明允謹唇邊露出一抹淺淡的笑意:“那真是太好了。”
西特勒把快速檢查了兩遍罪雌身上的鎖鏈,然後將鐵鏈縮短將對方鎖在遠離病床的角落,他臨走前惡狠狠地下命令道:“不許耍花招,要是我回來你敢犯賤惹得閣下不悅雄保會的苦牢裡頭有你好受的!”
西特勒鎖好了罪雌風風火火地出了門。
明允謹瞥了一眼角落中的男人,悄然握緊了鐵鏈的鑰匙。
現在是放走男人的最好機會。
明允謹含著金湯勺出生一輩子到頭吃過的苦就是他脆弱的身體,他被禁錮在方寸之地,好似高高豎立直逼天穹的象牙塔,他沒見過貧窮,在他心中一件事情要不要做完全由著自身心意或是興趣愛好,但他也知道何不食肉糜的故事。

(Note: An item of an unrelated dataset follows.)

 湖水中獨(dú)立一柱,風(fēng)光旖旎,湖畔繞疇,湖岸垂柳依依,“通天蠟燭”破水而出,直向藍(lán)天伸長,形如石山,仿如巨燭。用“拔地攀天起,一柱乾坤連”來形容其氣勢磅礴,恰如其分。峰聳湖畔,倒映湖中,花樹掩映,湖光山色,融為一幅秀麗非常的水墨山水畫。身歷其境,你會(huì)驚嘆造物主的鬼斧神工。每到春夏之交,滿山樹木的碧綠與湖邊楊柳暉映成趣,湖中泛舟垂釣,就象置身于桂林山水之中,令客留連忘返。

去打黑拳的人極少數是因為興趣愛好,絕大多數怕是生活所迫,窘急難耐才會出此下策,因為這是一條來錢快的路,雖然代價是拿命去賭。
明允謹垂眸,他的視線落到左手上佩戴的手錶上,錶盤有些舊了,但是從設計來看這個手錶的價值應該不會太低,就算是折舊價也算是一筆不小的財富。

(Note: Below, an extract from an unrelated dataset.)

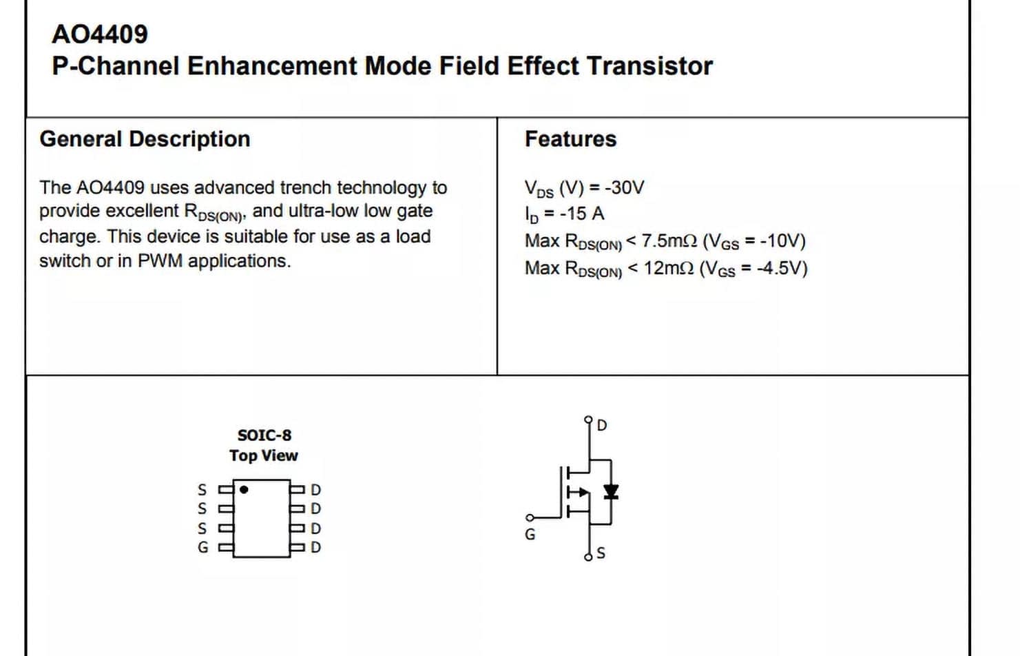 AO4409P-Channel PowerTrench® MOSFET-30V, -15A, 12.0mΩ VDS=-30VID=-15A @ VGS=-10VID=-15A @ VGS=-4.5V
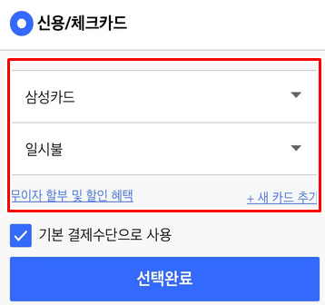 그 후 결제 수단을 변경해주시면 되는데, 카드명을 해제하시고 원하는 카드사를 설정해주세요. 그 다음 결제하기 기능을 통해서 다른 카드로 결제를 완료해주시면 타인 카드로 결제가 완료됩니다.

雄蟲去賭黑拳卻因為輸光了錢而把自己活活氣死,按照蟲族世界的畸形制度實在是匪夷所思,但是如果原主是個賭鬼,而且他在撒哈拉格鬥場下注的錢是他身上最後一筆錢的話,那一切就有可能說得通了。
明允謹並未擁有原主所有的記憶,破碎的記憶時不時侵擾他的腦海,在零星的碎片記憶中,明允謹逐漸描繪出原主的形象。
“他”是一個沒落貴族,也是一個賭鬼。雙親因為被捲入□□雙雙暴斃一個忠厚的老僕人帶著他逃了出去。瘦死的駱駝比馬大,哪個貴族家裡沒有些許秘密資金,老僕人就是靠著住人留下的秘密資金將原主養大,沒想到原主不學好,染上了賭博的惡習。老僕人苦口婆心地勸告在一開始的時候尚且有些作用,然而賭鬼之所以被稱之為賭鬼就是因為他們積重難返,三天前老僕人咽了氣,這下子原主再也沒了束縛徹徹底底放飛自我,壯志滿懷地拿出所有的積蓄來到賭場,壓上了他後半生所有的命運。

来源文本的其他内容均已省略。